The earliest work on wine and agriculture was written in Punic. After the destruction of Carthage in 146 BC, the Senate decreed that this treatise be translated into Latin, and it subsequently became the source for all Roman writing on viticulture. Ironically, it was Cato who had insisted on the destruction of Carthage in the Punic wars and who, about 160 BC, wrote De Agri Cultura, the first survey of Roman viticulture, which, significantly, also is the earliest surviving prose work in Latin. In it, he discusses the production of wine on large slave-based villa estates, which suggests how important vine cultivation had become in an agrarian economy that traditionally was subsistence farming.

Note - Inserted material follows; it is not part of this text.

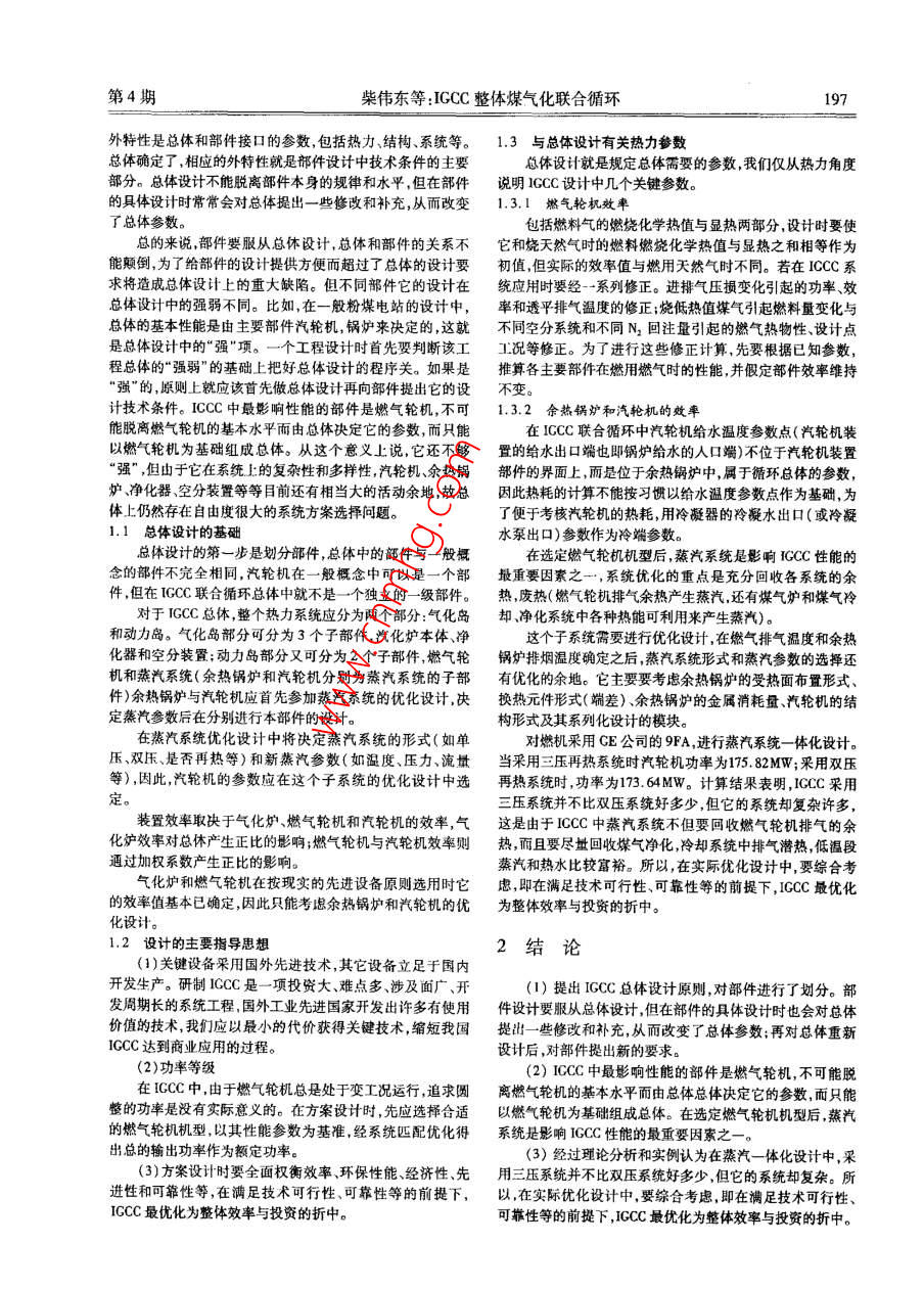 第45卷第4期汽輪機(jī)技術(shù)Vol.45 No.42003年8月.TURBINE TECHNOLOGYAug, 2003IGCC整體煤氣化聯(lián)合循環(huán)柴偉東',韓萬(wàn)金',林公舒2(1哈爾濱工業(yè)大學(xué),哈爾濱150001; 2哈爾濱汽輪機(jī)廠有限責(zé)任公司哈爾濱150046)摘要:論述ICCC總體設(shè)計(jì)及主要指導(dǎo)思想,提出在IGCC社設(shè)計(jì)中應(yīng)該重點(diǎn)考慮蒸汽系統(tǒng)的優(yōu)化。關(guān)鍵詞1CC;總體設(shè)計(jì);余熱鍋爐;汽輪機(jī)分類號(hào):TKI4文獻(xiàn)標(biāo)識(shí)碼:A文章編號(hào):1001 5884{2003 )04-0196-02Integrated Coal Gasification Combined CycleCHAI Wei-dong' , HAN Wan-jn' , IIN CGong-shu2(1 Harbin Instiute of Technobogy, Harbin 15001 ,China; 2 Harbin Tubine Company Limited, Harbin 150046, China)Abstract:ICCC Integrated design and main guide for general design project is discussed. For IGCC design it emphasizeasteam system optimum.Key words :IGCC; integrated design; HRSG; steam turbine從大型化和商業(yè)化的發(fā)展進(jìn)程看,目前更多的資金是投0前言在ICCC上?,F(xiàn)在,美國(guó)、德國(guó)、日本、英國(guó)、荷蘭、瑞典、意大整體煤氣化聯(lián)合循環(huán)( Integrated Coal Gasificarion Com-利芬蘭以及印度等國(guó)都加入到IGCC的開(kāi)發(fā)行列,取得重大binedCycle簡(jiǎn)稱ICCC)是把高效的聯(lián)合循環(huán)總能系統(tǒng)和潔進(jìn)展,已達(dá)到大型商業(yè)化驗(yàn)證階段。目前全世界正在建設(shè)或計(jì)劃建設(shè)的ICCC工程有24項(xiàng),總功率8200MW。但我國(guó)對(duì)凈的燃煤技術(shù)結(jié)合起來(lái)的先進(jìn)的發(fā)電系統(tǒng)為當(dāng)今世界能源ICCC 項(xiàng)目還停留在研究階段。隨著國(guó)家“九五”科技攻關(guān)計(jì)關(guān)注的一一個(gè)熱點(diǎn)。它將逐步取代現(xiàn)有的汽輪機(jī)電站,成為火劃項(xiàng)目“整體煤氣化聯(lián)合循環(huán)關(guān)鍵項(xiàng)目”的建立和完成,一系電動(dòng)力的主要發(fā)展方向。ICCC發(fā)電系統(tǒng)為多種高技術(shù)的集成,它包括:先進(jìn)的煤列重大基礎(chǔ)研究課題及示范工程正在規(guī)劃和實(shí)施中。氣化技術(shù)高溫凈化技術(shù)高性能的燃?xì)廨啓C(jī)、匹配協(xié)調(diào)的余1 ICCC 總體設(shè)計(jì)原則.熱鍋爐和汽輪機(jī)以及系統(tǒng)-體化技術(shù)等。ICCC首先是將煤在汽化爐中進(jìn)行氣化產(chǎn)生煤氣,然后經(jīng)過(guò)凈化處理后通到燃在ICCC總體設(shè)計(jì)中應(yīng)該采用系統(tǒng)工程的方法,綜合研氣輪機(jī)的燃燒室中燃燒,經(jīng)燃?xì)廨啓C(jī)作功后再排入余熱鍋爐究系統(tǒng)中的能量傳遞、轉(zhuǎn)換和利用的全部過(guò)程,按照能量品中產(chǎn)生蒸汽供給汽輪機(jī)作功。簡(jiǎn)單系統(tǒng)如圖1所示。位的高低,安排好功、熱和物料內(nèi)能等各種能量之間的配合氣化四鹵一國(guó)關(guān)系和轉(zhuǎn)換使用。在熱力系統(tǒng)整體上,按總能系統(tǒng)概念進(jìn)行匹配優(yōu)化,安排好不同品位能的合理利用,以取得最佳的系統(tǒng)整體性能,而不是追求提高單-一生 產(chǎn)設(shè)備的能源利用率等個(gè)別性能指標(biāo)。首先,ICCC總體設(shè)計(jì)的任務(wù)就是從裝置的總體出發(fā)使毒t GT設(shè)計(jì)滿足用戶或上一級(jí)總體設(shè)計(jì)者的要求。與總體相對(duì)應(yīng)tcy的是部件,總體是由部件組成的,但它又不是機(jī)械的組合。如果說(shuō)第n個(gè)部件在設(shè)計(jì)時(shí)有n個(gè)要決定的變量,則總體就HRSC有N= En(i=1,m)個(gè)變量(m為部件的個(gè)數(shù)) ,每個(gè)部件七ST-的設(shè)計(jì)都要確定它的n個(gè)設(shè)計(jì)變量,使它的性能滿足總體的要求,但部件性能的最優(yōu)選擇并不等于總體性能的最優(yōu)。區(qū)盧上因此,總體設(shè)計(jì)時(shí)不能只滿足于用有限的最佳性能方案的組圖1 ICCC 原則性系統(tǒng)圖合來(lái)謀求總體的最優(yōu)設(shè)計(jì)方案,而要將n;個(gè)變量統(tǒng)- -考慮以求裝置的最優(yōu)。但在ICCC總體設(shè)計(jì)中目前還達(dá)不到或較ST--汽輪機(jī);y- -壓氣機(jī);R-燃燒室;GT -燃?xì)馔钙?HRSC一余熱鍋爐;KF-空分裝置;A- -除塵裝置:S-除硫裝置難達(dá)到這種優(yōu)化選擇。IGCC總體設(shè)計(jì)是在部件外特性基礎(chǔ)上進(jìn)行的。部件的收稿日期:2003403-25作者簡(jiǎn)介:柴偉東(1967-) ,男,高級(jí)工程師.哈爾濱工業(yè)大學(xué)在讀工程碩士。第4期柴偉東等:IGCC整體煤氣化聯(lián)合循環(huán)外特性:是總體和部件接口的參數(shù),包括熱力、結(jié)構(gòu)、系統(tǒng)等。.3 與總體設(shè)計(jì)有關(guān)熱力參數(shù)總體確定了,相應(yīng)的外特性就是部件設(shè)計(jì)中技術(shù)條件的主要總體設(shè)計(jì)就是規(guī)定總體需要的參數(shù),我們僅從熱力角度部分??傮w設(shè)計(jì)不能脫離部件本身的規(guī)律和水平,但在部件說(shuō)明1CCC設(shè)計(jì)中幾個(gè)關(guān)鍵參數(shù)。的具體設(shè)計(jì)時(shí)常常會(huì)對(duì)總體提出一些修改和補(bǔ)充,從而改變1.3.1 燃?xì)廨啓C(jī)效率了總體參數(shù)。包括燃料氣的燃燒化學(xué)熱值與顯熱兩部分,設(shè)計(jì)時(shí)要使總的來(lái)說(shuō),部件要服從總休設(shè)計(jì),總體和部件的關(guān)系不它和燒天然氣時(shí)的燃料燃燒化學(xué)熱值與顯熱之和相等作為能顛倒,為了給部件的設(shè)計(jì)提供方

Indeed, by 154 BC, says Pliny, wine production in Italy was unsurpassed. That same year, the cultivation of vines was prohibited beyond the Alps, and, for the first two centuries BC, wine was exported to the provinces, especially to Gaul, in exchange for the slaves whose labor was needed to cultivate the large estate vineyards. (In part, the wine trade with Gaul was so extensive because its inhabitants, writes Diodorus Siculus, were besotted by wine, which was drunk unmixed and without moderation). But, as more land was expropriated by the villa estates, the displaced rural population was forced to emigrate to Rome until, by the first century BC, the city had approximately one million inhabitants.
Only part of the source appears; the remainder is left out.